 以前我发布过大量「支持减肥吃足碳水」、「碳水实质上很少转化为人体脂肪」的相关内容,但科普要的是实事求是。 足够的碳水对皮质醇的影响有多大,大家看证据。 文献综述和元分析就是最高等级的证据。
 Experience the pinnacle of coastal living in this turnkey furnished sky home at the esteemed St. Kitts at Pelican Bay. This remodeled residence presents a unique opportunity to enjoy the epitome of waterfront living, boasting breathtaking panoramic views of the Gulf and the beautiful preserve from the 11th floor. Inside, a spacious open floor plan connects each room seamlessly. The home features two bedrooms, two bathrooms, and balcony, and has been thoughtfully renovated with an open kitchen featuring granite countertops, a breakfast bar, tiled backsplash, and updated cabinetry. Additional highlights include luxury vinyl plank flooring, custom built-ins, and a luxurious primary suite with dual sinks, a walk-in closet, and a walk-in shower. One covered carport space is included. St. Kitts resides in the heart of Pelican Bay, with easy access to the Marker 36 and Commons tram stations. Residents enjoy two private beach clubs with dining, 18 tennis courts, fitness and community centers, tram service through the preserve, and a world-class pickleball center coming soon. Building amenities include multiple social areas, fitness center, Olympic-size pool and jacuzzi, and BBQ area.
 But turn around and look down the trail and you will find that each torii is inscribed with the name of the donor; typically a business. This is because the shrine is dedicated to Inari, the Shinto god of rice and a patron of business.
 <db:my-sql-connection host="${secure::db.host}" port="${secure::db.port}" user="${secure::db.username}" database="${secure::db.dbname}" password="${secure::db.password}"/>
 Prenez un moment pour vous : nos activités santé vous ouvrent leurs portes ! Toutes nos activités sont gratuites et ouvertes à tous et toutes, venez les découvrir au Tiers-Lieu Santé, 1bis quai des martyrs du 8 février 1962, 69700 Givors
◇ ◇ ◇ ◇
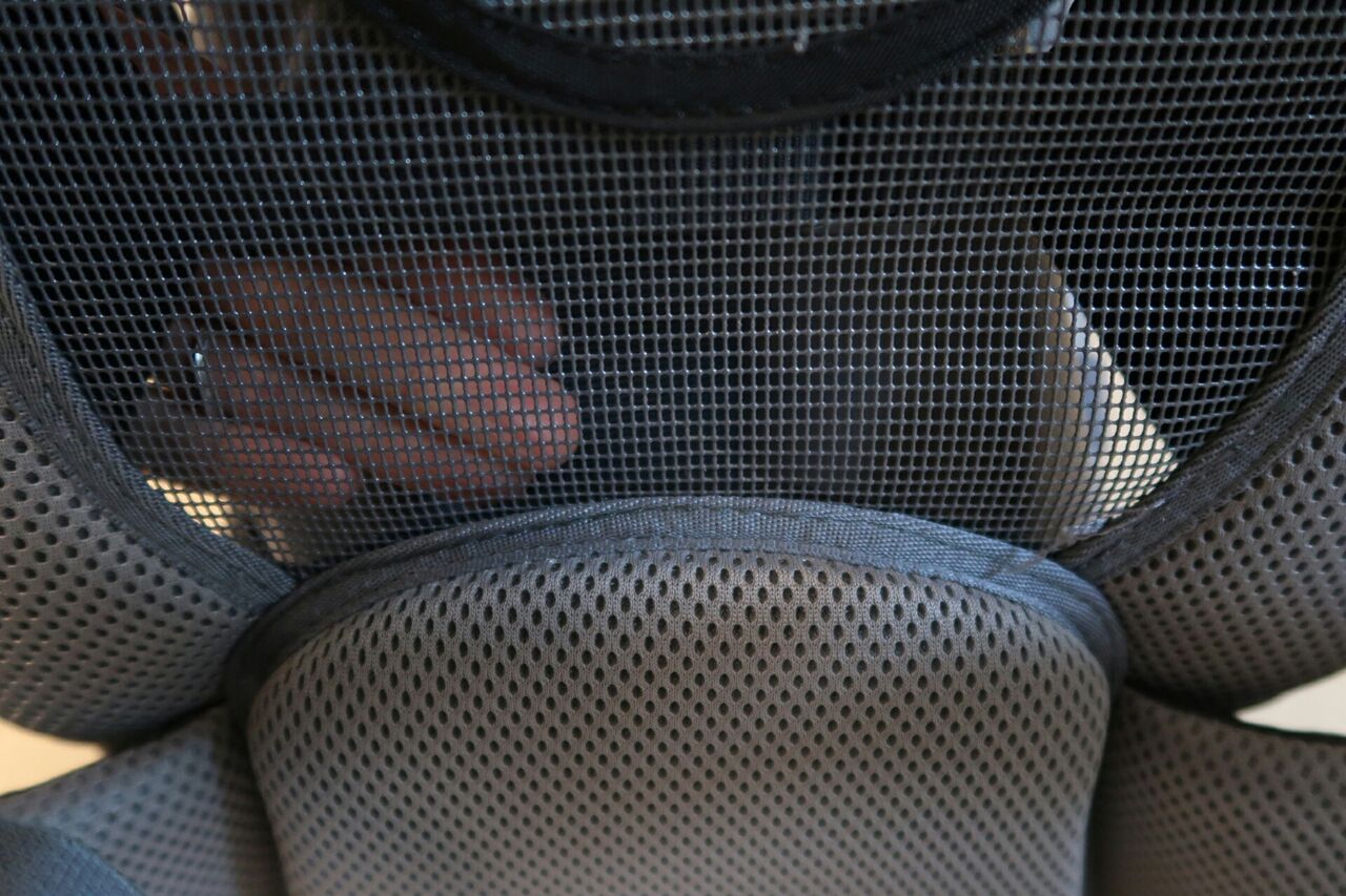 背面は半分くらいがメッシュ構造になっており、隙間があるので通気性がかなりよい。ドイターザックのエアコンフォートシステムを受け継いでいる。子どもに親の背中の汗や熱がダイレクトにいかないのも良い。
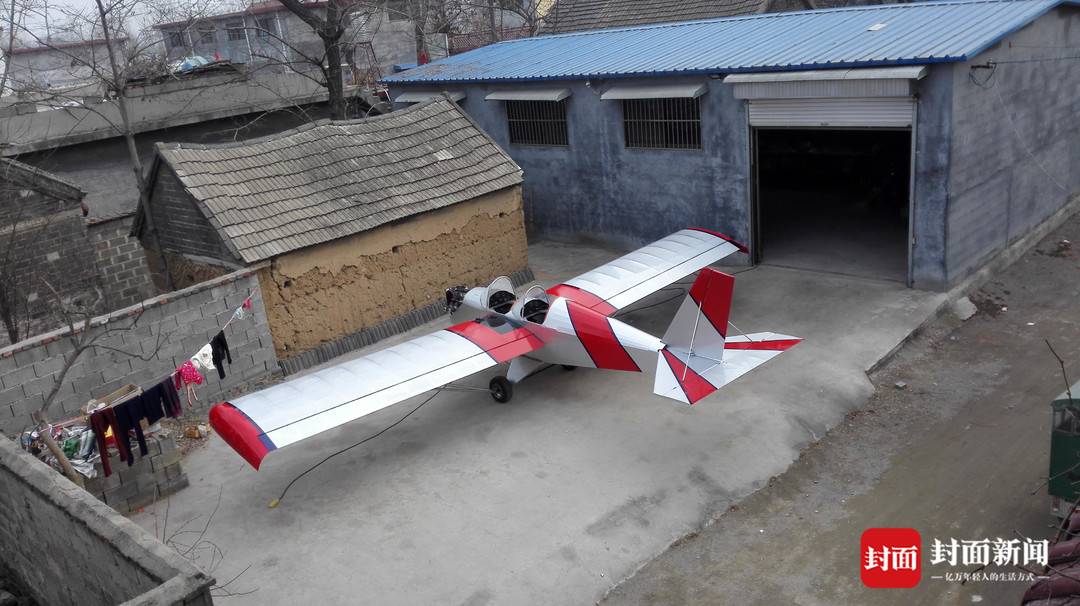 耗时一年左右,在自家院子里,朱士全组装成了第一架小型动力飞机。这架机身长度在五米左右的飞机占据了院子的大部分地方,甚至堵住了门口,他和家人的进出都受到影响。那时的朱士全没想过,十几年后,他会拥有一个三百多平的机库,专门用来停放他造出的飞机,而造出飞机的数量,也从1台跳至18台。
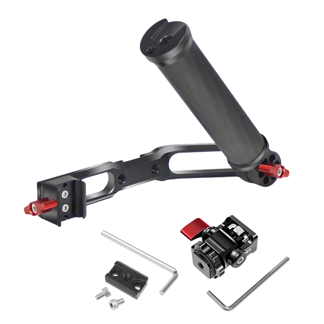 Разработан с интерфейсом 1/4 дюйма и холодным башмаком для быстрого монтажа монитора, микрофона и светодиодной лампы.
◇ ◇ ◇ ◇
**The problem:** Start at the line containing "背面は半分くらいがメッシュ構" above and stop at the line containing "Разработан с интерфейсом". Output those lines exactly, both included, but none of the pictures.

**Task solution:**
 背面は半分くらいがメッシュ構造になっており、隙間があるので通気性がかなりよい。ドイターザックのエアコンフォートシステムを受け継いでいる。子どもに親の背中の汗や熱がダイレクトにいかないのも良い。
 耗时一年左右,在自家院子里,朱士全组装成了第一架小型动力飞机。这架机身长度在五米左右的飞机占据了院子的大部分地方,甚至堵住了门口,他和家人的进出都受到影响。那时的朱士全没想过,十几年后,他会拥有一个三百多平的机库,专门用来停放他造出的飞机,而造出飞机的数量,也从1台跳至18台。
 Разработан с интерфейсом 1/4 дюйма и холодным башмаком для быстрого монтажа монитора, микрофона и светодиодной лампы.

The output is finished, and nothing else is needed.